J’ai 32 ans et j’habite une petite maison avec une véranda que je tiens à garder impeccable. Mon voisin, Don Samuel, est un septuagénaire qui vit seul et dont le jardin est complètement envahi par les pots, les arbustes et d’énormes plantes qui poussent à l’état sauvage. Depuis quelques mois, il m’exaspère. Chaque matin, en sortant prendre un café, mon appartement est jonché de feuilles mortes, de brindilles et de pétales fanés tombés de sa clôture. À contrecœur, je balaie en agitant bruyamment le balai pour qu’il entende bien ma frustration, et plus d’une fois, je lui ai crié depuis le couloir : « Don Samuel, taillez vos plantes, s’il vous plaît ! Je ne devrais pas avoir à ramasser vos déchets tous les jours ! »
Le vieil homme m’a juste regardé timidement par la fenêtre, a murmuré des excuses et est rentré. Je me suis dit que c’était un vieux fainéant qui se fichait de vivre ensemble.
Ma colère a atteint son paroxysme hier, dimanche. Il était 14 heures, et le chien de Don Samuel, un vieux croisé qui l’accompagne constamment, gémissait et grattait désespérément à la porte d’entrée depuis des heures. Supposant que l’homme était absent et avait enfermé l’animal, je me suis précipitée chez lui, prête à lui dire ses quatre vérités à propos de ce bruit.
J’ai sonné trois fois, mais personne n’a répondu. En poussant la porte en bois, je me suis rendu compte qu’elle n’était pas verrouillée.
Je suis entrée prudemment dans la pièce, j’ai appelé son nom et j’allais me plaindre, mais un frisson m’a parcourue en arrivant dans la cuisine. Don Samuel était assis, pâle et respirant difficilement, sur le sol en béton, appuyé contre le mur. Il avait fait une mauvaise chute à cause de son hypertension et était resté allongé là presque toute la journée, incapable de se relever ou d’atteindre son téléphone, tandis que son chien essayait d’attirer son attention depuis l’embrasure de la porte.
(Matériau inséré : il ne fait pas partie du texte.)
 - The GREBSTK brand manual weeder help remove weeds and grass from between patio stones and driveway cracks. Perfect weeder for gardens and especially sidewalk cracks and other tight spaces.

Je me suis agenouillée par terre, terrifiée, j’ai pris sa main, tremblante de froid, et j’ai immédiatement appelé une ambulance. En attendant les ambulanciers, j’ai mis un oreiller sous sa tête et je me suis excusée d’être entrée dans cet état. Don Samuel, les larmes aux yeux, m’a serré faiblement les doigts, a regardé par la porte-fenêtre qui donnait sur ma maison et a dit d’une voix brisée qui m’a fendu le cœur :
« Merci d’être venu, voisin… et veuillez excuser les feuilles sur votre porche. Pour être honnête, je ne les ai pas taillées car ma femme avait planté ces grands bougainvilliers avant de mourir. Mes mains ne sont plus assez fortes pour m’en occuper correctement, mais je les ai laissées pousser vers vous car chaque matin, lorsque vous sortiez, agacé, pour les balayer, le bruit de votre balai et de vos pas était la seule chose qui me faisait sentir, dans ce silence, que quelqu’un était près de moi. C’était le signe que je n’étais pas complètement seul au monde. »
J’ai ressenti un coup si violent à l’estomac que les larmes ont jailli de façon incontrôlable.
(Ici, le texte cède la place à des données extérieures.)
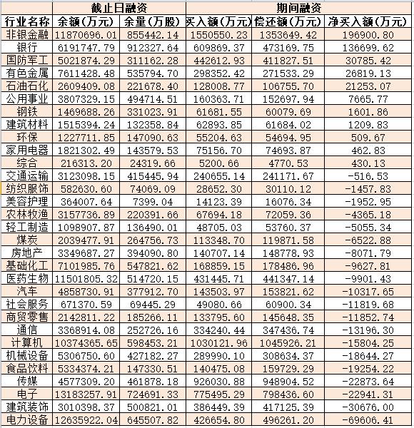 表:5月9日申萬一級(jí)行業(yè)兩融交易情況:

Mon agacement quotidien, ma colère face à quelques feuilles mortes et mes mines sombres étaient les seuls liens qui me liaient à ce grand-père rongé par la solitude de sa maison vide. Je me sentais comme la pire personne du quartier, tant j’étais dépourvue d’empathie.
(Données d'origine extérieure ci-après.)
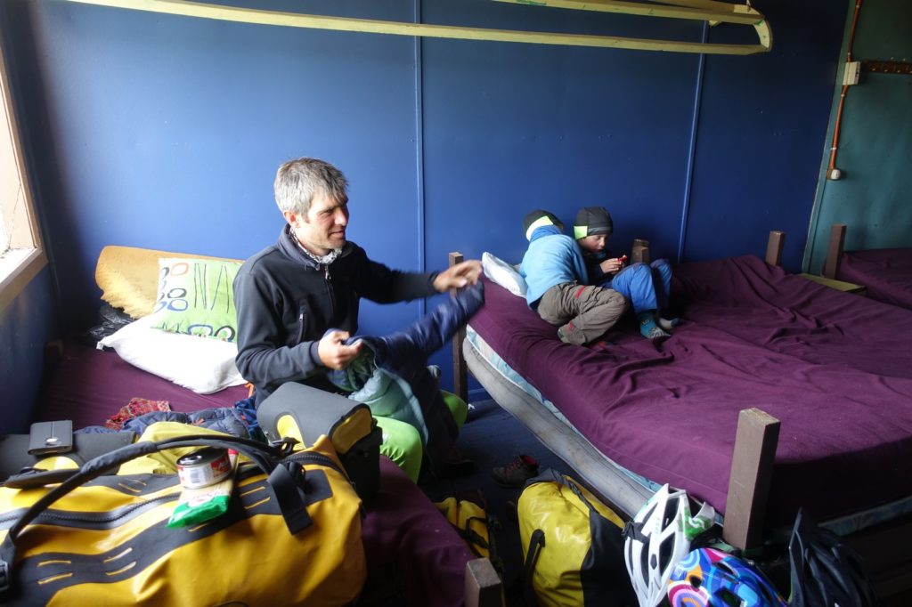 Il y a une station-service. Nous nous posons à l’abri pour prendre notre déjeuner. Puis nous allons nous poser à l’intérieur pour boire un café. Nous réfléchissons à la suite de la journée. Il y a une estancia juste en face où nous pourrions éventuellement rester. Sinon, nous pouvons continuer notre route mais le vent souffle fort et nous ne savons pas si nous pourrons nous arrêter chez les carabineros… Au final, nous sommes fatigués alors nous allons voir en face. Adolfo nous accueille et nous montre une petite cabane réservée aux travailleurs. C’est sommaire mais il y a des lits. Ça fera l’affaire pour ce soir. Un des employés se repose d’ailleurs.

Les ambulanciers l’ont emmené à l’hôpital pour un examen et heureusement son état est maintenant stable.
Hier après-midi, pendant qu’il était sous observation, j’ai pris mes outils, appelé deux voisins et nous sommes allés dans son jardin. Nous n’avons pas taillé ses plantes ; nous avons installé des tuteurs, désherbé, repeint son jardin et disposé les branches de bougainvilliers de sa femme de façon à ce qu’elles ornent joliment la clôture entre nos deux maisons.
Lundi matin, je lui ai rendu visite à l’hôpital et lui ai apporté un thermos de café. Je lui ai promis qu’à partir de cette semaine, je m’assiérais avec lui tous les mercredis après-midi sur sa véranda pour boire un café et écouter ses récits de jeunesse. Je lui ai aussi promis de ne plus balayer avec colère les feuilles mortes qui jonchent mon sol, mais avec joie, sachant que j’ai un ami fidèle à mes côtés. J’ai appris que parfois, nous jugeons les actions des gens ordinaires avec notre propre égoïsme, sans comprendre que derrière ce que nous percevons comme un désagrément se cache peut-être le cri silencieux de quelqu’un qui a simplement besoin de savoir que le monde ne l’a pas oublié.
Après cette journée à l’hôpital, j’ai tenu ma promesse.
Chaque mercredi après-midi, j’apportais deux tasses de café sur la véranda de Don Samuel, et nous nous asseyions là à bavarder tandis que le soleil disparaissait lentement derrière les maisons du quartier.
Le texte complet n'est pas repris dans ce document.